Biofilms have huge impacts throughout many different types of industry. Medical implants ranging from catheters to artificial joints are particularly susceptible to biofilm formation, leading to huge problems for the medical industry. Biofilms are responsible for many chronic infections, due to their increased resistance to antimicrobial compounds and antibiotics. A type of biofilm that affects almost everyone is the formation of dental plaque, which can lead to cavity formation.

Outside of medicine, biofilms affect just about any industry relying on pipes to convey water, food, oil, or other liquids, where their resistance makes its particularly difficult to completely eliminate the biofilm.

Quorum Sensing

The word quorum refers to having a minimum number of members needed for an organization to conduct business, such as hold a vote. Quorum sensing refers to the ability of some bacteria to communicate in a density-dependent fashion, allowing them to delay the activation of specific genes until it is the most advantageous for the population.

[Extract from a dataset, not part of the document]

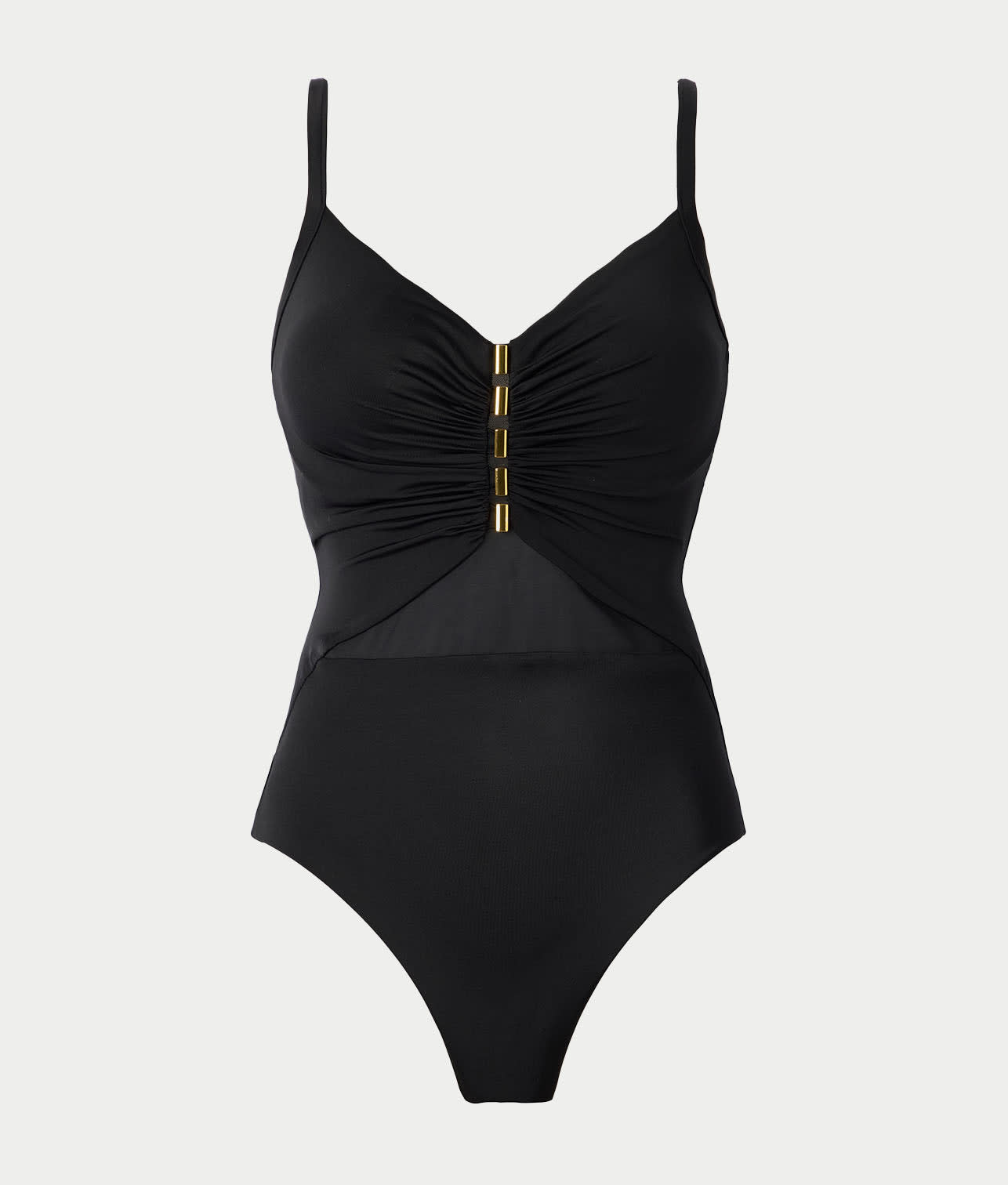 - Center front hardware detail with mesh inset at waist

Quorum sensing involves cell-to-cell communication, using small diffusible substances known as autoinducers. An autoinducer is produced by a cell, diffusing across the plasma membrane to be released into the environment. As the cell population increases in the environment the concentration of autoinducer increases as well, causing the molecule to bind to specific cellular receptors once a threshold concentration has been reached. The autoinducer then diffuses into the cell, often binding to a specific transcription factor. This produces a conformational change that allows the transcription factor to bind to the cell’s DNA, triggering expression of specific genes.

Quorum sensing example

One of the best studied examples of quorum sensing is the mutualistic relationship between the bioluminescent bacterium Aliivibrio fischeri and the bobtail squid. The bobtail squid actually has a light organ that evolved to house the bacterium, relying on its luminescence to provide a camouflage effect against predators. At low cell density the luminescence would not provide the desired effect, representing a waste in energy by the bacterial population. Therefore, quorum sensing is used so that the lux gene that codes for the luciferase enzyme necessary for luminescence is only activated when the bacterial population is at sufficient density.